→ WHAT NEEDS TO BE DONE
The lines from the one containing "Number: 03**** |" through the final line of the listing below are what the answer must repeat, exactly and only, leaving pictures out.

(SOURCE DATA Opens)

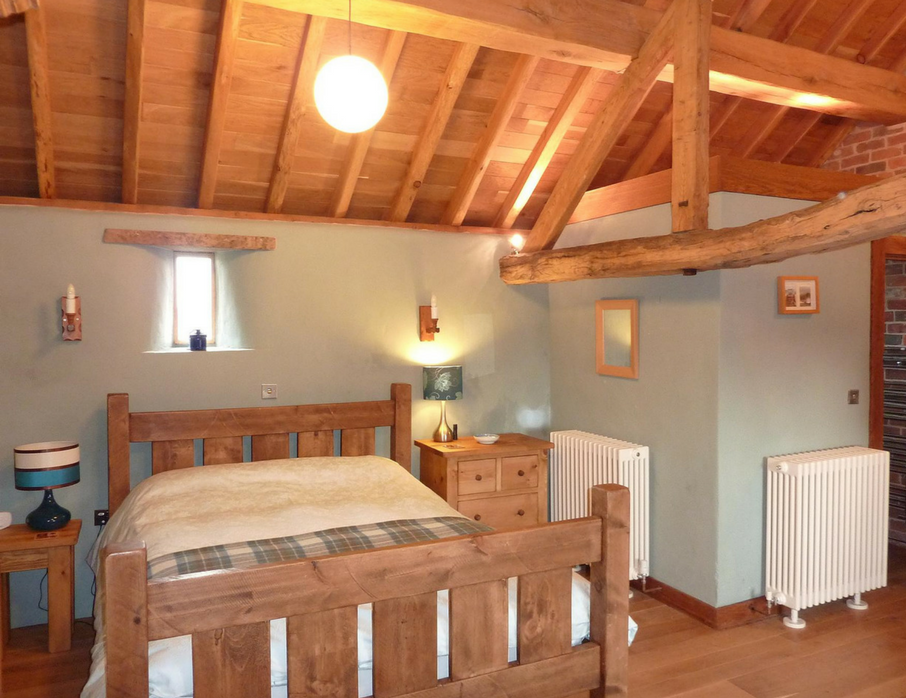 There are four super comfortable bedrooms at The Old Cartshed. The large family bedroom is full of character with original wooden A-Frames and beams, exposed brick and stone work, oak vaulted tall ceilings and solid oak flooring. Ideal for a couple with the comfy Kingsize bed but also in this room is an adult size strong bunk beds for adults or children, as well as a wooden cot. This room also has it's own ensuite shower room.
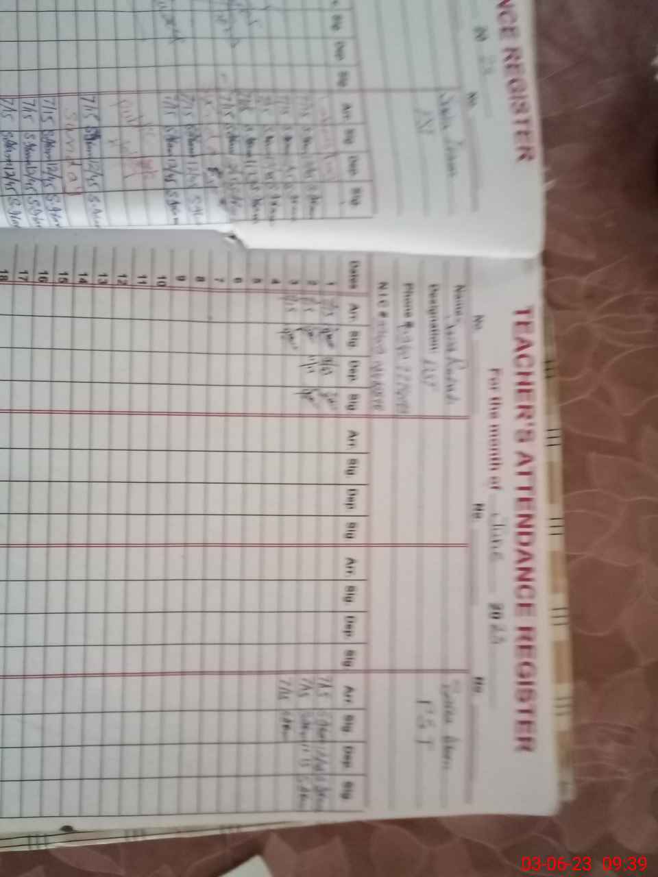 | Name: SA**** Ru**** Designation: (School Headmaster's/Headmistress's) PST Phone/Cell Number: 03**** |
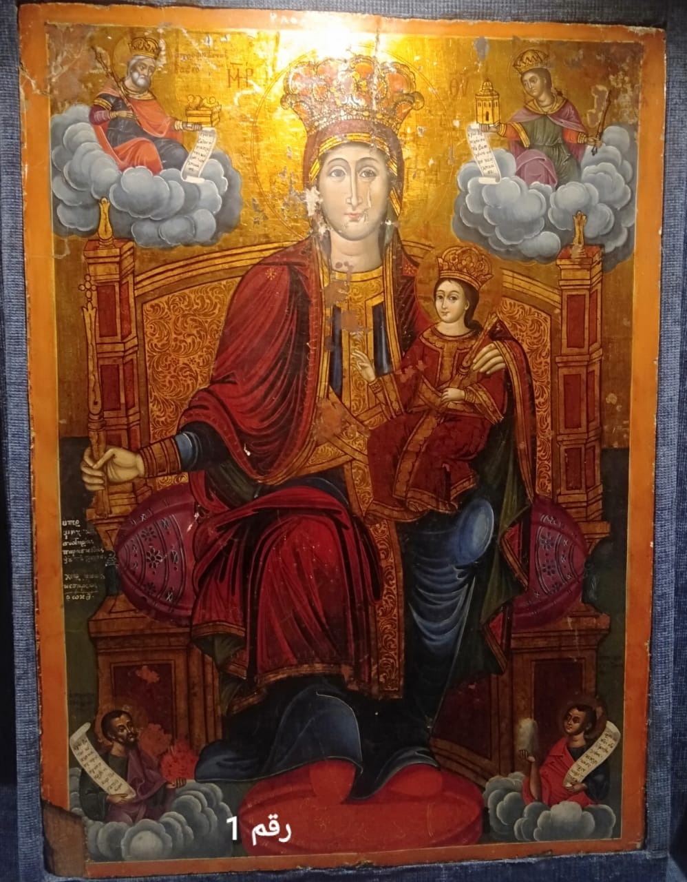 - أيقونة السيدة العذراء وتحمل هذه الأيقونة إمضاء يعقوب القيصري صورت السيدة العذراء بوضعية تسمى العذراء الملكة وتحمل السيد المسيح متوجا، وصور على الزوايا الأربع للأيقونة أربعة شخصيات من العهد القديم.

(SOURCE DATA Closes)

→ ANSWER TO THIS TASK
 | Name: SA**** Ru**** Designation: (School Headmaster's/Headmistress's) PST Phone/Cell Number: 03**** |
 - أيقونة السيدة العذراء وتحمل هذه الأيقونة إمضاء يعقوب القيصري صورت السيدة العذراء بوضعية تسمى العذراء الملكة وتحمل السيد المسيح متوجا، وصور على الزوايا الأربع للأيقونة أربعة شخصيات من العهد القديم.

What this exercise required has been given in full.